Can I extract Hebrew correctly using ExtractText?

Hi,


I’m using the demo version to test the different features. However, I need the extraction is Hebrew also and the text is reversed…
Can you point me to a solution (I saw IsBidi, but it’s readonly)?

Thanks,
Uri.

Hi,

Thank you very much for considering Aspose.

Please share the input PDF file with us, so we could investigate the issue at our end. You’ll be updated with the results accordingly. Also, please confirm that you’re using the .NET version for evaluation purposes.

We’re sorry for the inconvenience and looking forward to help you out.
Regards,

Hi,


We are using the .NET version for evaluation (currently the PDF library and after that we’ll check the WORD library as well).

The code snippet is :
//Instantiate PdfExtractor object
PdfExtractor extractor = new PdfExtractor();

//Set Password for input PDF file
extractor.Password = “”;

extractor.ExtractTextMode = 1;

//Bind the input PDF document to extractor
extractor.BindPdf(inputFile1);

//Extract text from the input PDF document
extractor.ExtractText();

//Save the extracted text to a text file
extractor.GetText(inputFile1 + “.txt”);

A sample file is attached.

I have two issues with the result:
1. The Hebrew is inverted (see original PDF and result TXT).
2. The numbers (years in the CV) are wrong after conversion.

Looking forward for your reply.

Thanks,
Uri.


Hi Uri,

Thank you very much for sharing the sample PDF and the code snippet.
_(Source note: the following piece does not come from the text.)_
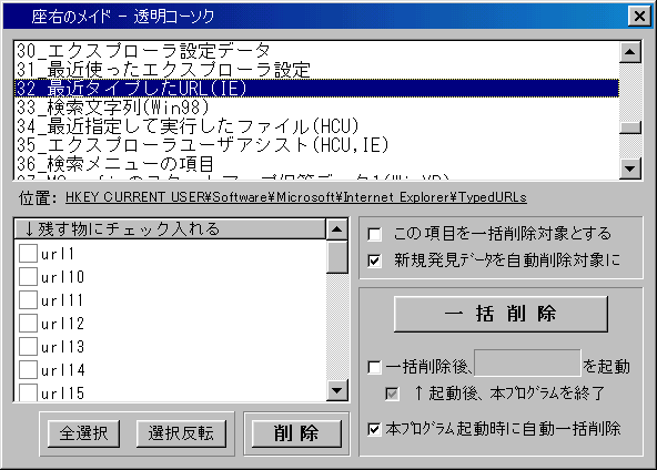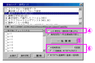 削除しても復活するデータや MRU のようにキャッシュ的に使われるキーなどをパソコン起動時あるいは任意のタイミングで削除できる特徴があります。

We’ll investigate this issue at our end and you’ll be updated shortly.

We’re sorry for the inconvenience.
Regards,

Hi Uri,

I have also noticed this problem at my end and logged it as PDFKITNET-28621 in our issue tracking system. Our team will look into this issue and you’ll be updated via this forum thread once it is resolved.

We’re sorry for the inconvenience.
Regards,

any news?


I should prepare an estimation for an upcoming project in which I need to support the extract text functionality… So, I want to be certain I have this functionality in your package…

I’d appreciate a quick response.

Thanks.

Hi Uri,

I’m sorry to inform you that this issue is not yet resolved. However, I have asked our team to share the ETA of this issue. Please spare us some time for the investigation. You’ll be updated via this forum thread as soon as the response is received.

We’re sorry for the inconvenience.
Regards,

Hi,


Yesterday I had the same problem using pdflib TET.
I have found out that when the dates where BOLD it happened while REGULAR was ok.
Is there a way to remove styles from the document before extracting the text? (I need plain text)

Thanks,
Uri.

Hi Uri,

I’m afraid, it is not feasible to remove the styles from the PDF. However, as you know, we have already logged this issue and if it is caused due to the styles, it will be handled and resolved accordingly.

If you find any further questions, please do let us know.
Regards,

The issues you have found earlier (filed as 28621) have been fixed in this update.


This message was posted using Notification2Forum from Downloads module by aspose.notifier.

Hi
Anysolution founded ?
This TRL is realy problematic, on pdf to text libraries.

@drormu

Thanks for your inquiry.

The issue related to inverted Hebrew text was resolved. We request you to please try with latest version i.e. Aspose.PDF for .NET 18.10 and in case you still face any issue, please share your sample PDF document along with sample code snippet. We will test the scenario in our environment and address it accordingly.